BEGIN

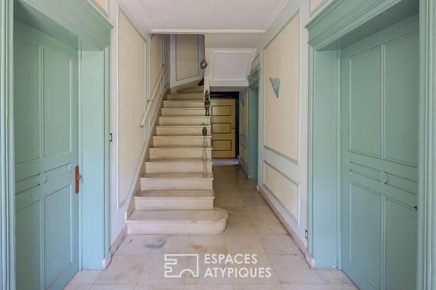Built in the 19th century, this charming ensemble consists of a generous main house with 422 m2 of living space spread over 3 levels. On the ground floor, beautiful reception rooms, on the first floor spacious suites, on the top floor numerous attic rooms with untapped potential.
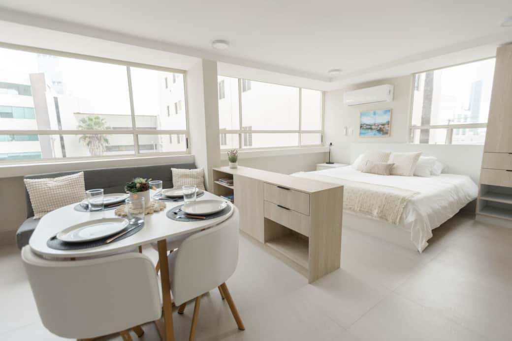 Este departamento de 32 m² ha sido diseñado con una distribución inteligente y con detalles acogedores que crean un ambiente cálido, moderno y relajante.
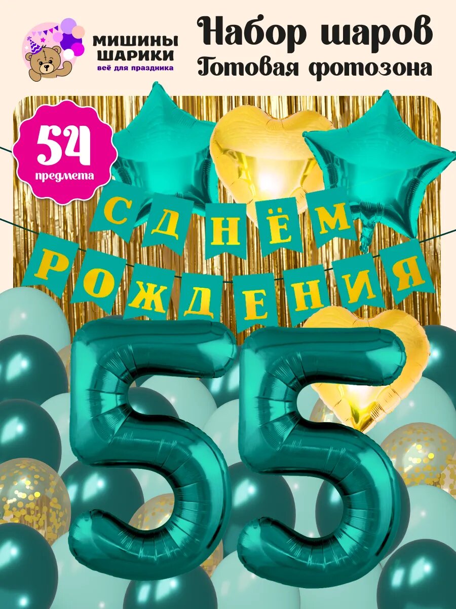 Купить Набор воздушных шаров для фотозоны на день рождения с цифрами 55 лет
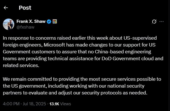 This past week it was discovered that Microsoft DoD services were being managed by China-based engineering teams. Considering the current landscape that was met with concern from all over.
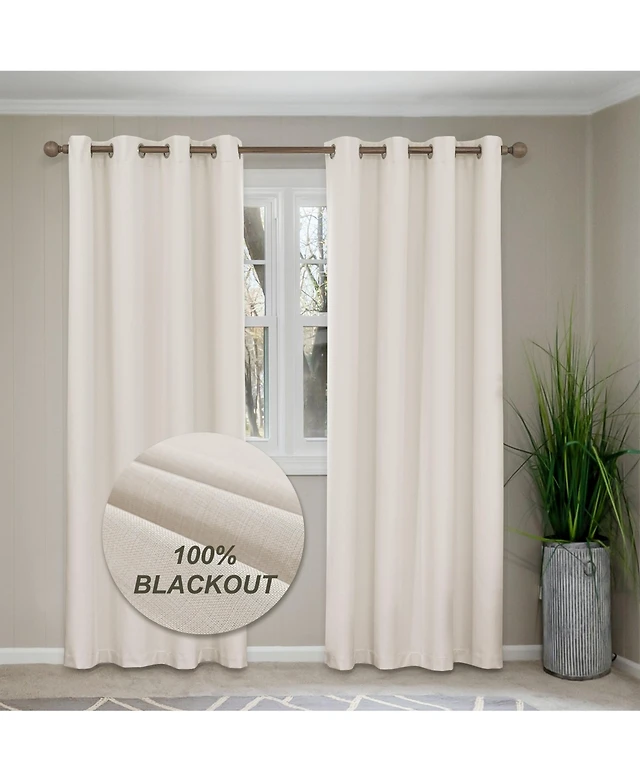 Kate Aurora Hotel Living 2 Pack 100% Blackout Grommet Top Ivory Beige Curtain Panels
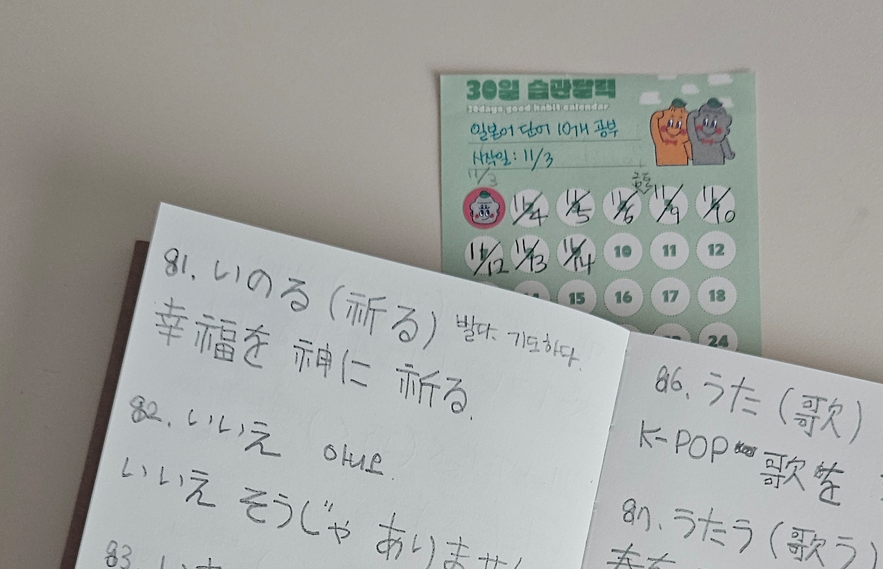 가수 성시경씨의 일본어 공부 방법이라는 영상을 본 적이 있다. 술을 마시든, 일이 늦게 끝났든, 어찌 되었건 매일 두 시간은 책상에 앉아 일본어 공부를 했다는 것이다. "단시간에 효율적으로 외국어를 잘하게 되는 방법은 없다. 공부는 엉덩이와 시간으로 하는 것"이라고 했다. 인상적이었다. 일리가 있다. 그러나 나 같이 평범한 사람은 매일 두 시간씩 공부를 하자고 마음먹으면 작심삼일은 커녕 이틀 연속도 어렵다.
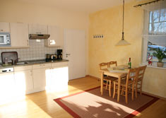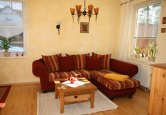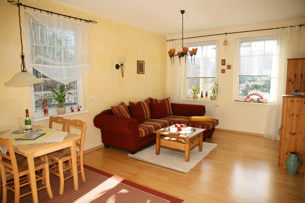 Austattung: - Hochwertige Einbauküche: (Cerankochfeld/Kühlschrank mit Gefrierfach/Mikrowelle/Geschirrspülautomat/Wasserkocher/Toaster/Kaffeemaschine) - Ess- und Couchtisch - Fernseher mit digitalem Satellitenempfänger + Digitalradio, DVD/CD-Player- Bad mit Dusche, WC, Fön und Handtuchtrockner - Terrassenmöbel aus Hartholz fürs Frühstück draußen - Eck-Couch zum Ausziehen (als Aufbettungsmöglichkeit) - getrennte Wohn- und Schlafräume |

END

Required action |
Quote, without alteration, the lines running from the line containing "가수 성시경씨의 일본어" to the last line of the entries, and include no pictures.

Written answer |
 가수 성시경씨의 일본어 공부 방법이라는 영상을 본 적이 있다. 술을 마시든, 일이 늦게 끝났든, 어찌 되었건 매일 두 시간은 책상에 앉아 일본어 공부를 했다는 것이다. "단시간에 효율적으로 외국어를 잘하게 되는 방법은 없다. 공부는 엉덩이와 시간으로 하는 것"이라고 했다. 인상적이었다. 일리가 있다. 그러나 나 같이 평범한 사람은 매일 두 시간씩 공부를 하자고 마음먹으면 작심삼일은 커녕 이틀 연속도 어렵다.
 Austattung: - Hochwertige Einbauküche: (Cerankochfeld/Kühlschrank mit Gefrierfach/Mikrowelle/Geschirrspülautomat/Wasserkocher/Toaster/Kaffeemaschine) - Ess- und Couchtisch - Fernseher mit digitalem Satellitenempfänger + Digitalradio, DVD/CD-Player- Bad mit Dusche, WC, Fön und Handtuchtrockner - Terrassenmöbel aus Hartholz fürs Frühstück draußen - Eck-Couch zum Ausziehen (als Aufbettungsmöglichkeit) - getrennte Wohn- und Schlafräume |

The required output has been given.